Williams's law on material costs

Appears in 3 lectures.

Appearances across the corpus

SMS_F2013_06 · Structural Materials Selection, Fall 2013 · §2.p3

"Whenever you first hear about the cost of a new material, that's the lowest cost it'll ever have."

One of the problems with this edge-defined film growth — I was out there at that lab, and they have nice machines and it works, but it's really slow. When you're pulling something that thin and that light, you don't make very many pounds per hour. This is where you get to Sprague's law: whenever you first hear about a new material, that's the best properties you'll ever have. And Williams's corollary: whenever you first hear about the cost of a new material, that's the lowest cost it'll ever have.

DP_S2012_10 · Deformation Processing, Spring 2012 · §2.p3

Jim Williams's corollary to Sprague's law: the first quoted cost of a new material is the lowest it will ever be.

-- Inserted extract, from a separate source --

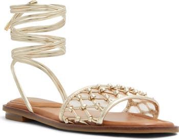 Playful knotted detailing charms the mesh strap of this boho-chic ankle-wrap sandal grounded on a cushy, lightweight footbed.

Thinking statistically, it's going to be weak. A chain is as strong as its weakest link. If I go to higher temperatures, it becomes weaker with more vacancies. If I have lots of nanotubes — yes, ten nanotubes are probably ten times stronger than one nanotube, but that doesn't mean it'll be 3 million PSI, because it's still per unit area. And if I still have a flaw — there was a guy, head of materials at GE aircraft engines in Cincinnati, Bob Sprague back in the 1970s. He was the one who said: when you first hear about the properties of a new material, write it down — those are the best properties the material will ever have. And there's the Jim Williams corollary. Jim Williams was Dean at Ohio State and department head at Carnegie Mellon, and is an expert on titanium. He became head of materials at GE aircraft engines in the 1990s, after Sprague. Jim's corollary: whenever you first hear about the cost of a new material, write it down, because that's the lowest cost the material will ever have.

WIE_F2015_02 · What is Engineering, Fall 2015 · §1.p2

Jim Williams' corollary to Sprague: first-quoted cost is the lowest cost a material will ever have. Tom positions Williams as a titanium metallurgist who succeeded Sprague at GE.

Materials and new materials, or whatever you read in the MIT news and see on the screens at MIT — most of this is oversold. Ninety-eight percent of it is a sales job, and it's not really quite that great. There's a quote that I like. There was a guy at General Electric in Cincinnati where they make aircraft engines, head of materials, name was Robert Sprague. And Robert Sprague had a quote: whenever you first hear about a new material, write it down, because those are the best properties that material will ever have. And then there's Jim Williams' corollary. Jim Williams was a titanium metallurgist who became department head at Carnegie Mellon and Dean at Ohio State, and then he replaced Bob Sprague at General Electric. Jim Williams says his corollary to Bob Sprague's quote is: whenever you first hear about the cost of a new material, write it down, because that's the lowest price the material will ever have.